What is the latest news about ETC?
Ethereum Classic is making progress with new regulations and upgrades but still faces challenges with liquidity. Here are the key updates:
- UK Approves Crypto ETNs (October 9, 2025) – ETC can now be held tax-free in UK pensions and ISAs.
- Olympia Upgrade Draft Released (July 1, 2025) – New governance and funding features proposed for the Ethereum Classic network.
- Nabox Adds Cross-Chain Swaps (September 8, 2025) – ETC can now be easily exchanged across more than 40 different blockchains.
In-Depth Look
1. UK Approves Crypto ETNs (October 9, 2025)
What happened: The UK’s Financial Conduct Authority (FCA) has approved crypto Exchange-Traded Notes (ETNs) for everyday investors. This means people can now hold Ethereum Classic ETNs in tax-advantaged accounts like Individual Savings Accounts (ISAs) and pensions. These ETNs, such as those offered by ETC Group, are fully backed by the actual cryptocurrency and trade on the London Stock Exchange without leverage.
Why it matters: This development is generally positive for Ethereum Classic. It opens the door for traditional investors to get involved more easily and with tax benefits. However, major investment platforms like Hargreaves Lansdown have not yet started offering these ETNs, so wider adoption depends on how quickly these services roll them out. (CoinDesk)

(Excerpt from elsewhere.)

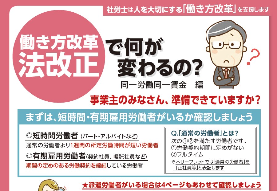 働き方改革で何が変わるの?(同一労働同一賃金編) 2020年1月30日 瀧㟢 康太 Tweet Pocket バージョン ダウンロード 6 ファイルサイズ 2.16 MB ファイル数 1 投稿日 2020年1月30日 最終更新日時 2020年1月30日 ダウンロード 説明 ダウンロードのボタンからダウンロードしてください。 全国社会保険連合会が作成した働き方改革の同一労働同一賃金に関するリーフレットです。 チェックリストで分かりやすくまとまっています。

2. Olympia Upgrade Draft Released (July 1, 2025)
What happened: The Ethereum Classic community proposed a set of upgrades called ECIP-1111 to 1114. These include a system similar to Ethereum’s EIP-1559 fee burning (where 20% of fees go to a treasury), on-chain governance through a decentralized autonomous organization (DAO), and new ways to fund development projects. Testing on a test network is planned for late 2025.
Why it matters: This is a positive long-term step for Ethereum Classic. It aims to solve ongoing funding challenges and modernize how the network is managed, all while keeping its proof-of-work (PoW) security model. However, the full upgrade won’t be live on the main network until late 2026, so immediate effects are limited. (EthClassicDAO)
3. Nabox Adds Cross-Chain Swaps (September 8, 2025)
What happened: Nabox Wallet now supports cross-chain swaps for Ethereum Classic, allowing users to move assets smoothly between over 40 blockchains, including popular ones like Solana and Polygon.
Why it matters: This improves Ethereum Classic’s ability to work with other blockchain networks, which is a good sign for its usability. However, its decentralized finance (DeFi) ecosystem is still small compared to competitors, so just enabling swaps may not be enough to boost long-term user activity without more decentralized apps (dApps). (Crypt0_DeFi)
Summary
Ethereum Classic is making strategic moves by gaining regulatory approval for tax-advantaged investment, planning important governance upgrades, and improving cross-chain compatibility. Still, liquidity concerns remain, especially after Tether stopped supporting ETC in August. The big question is whether institutional investments through UK pensions will balance out retail investors moving to other blockchains with higher returns.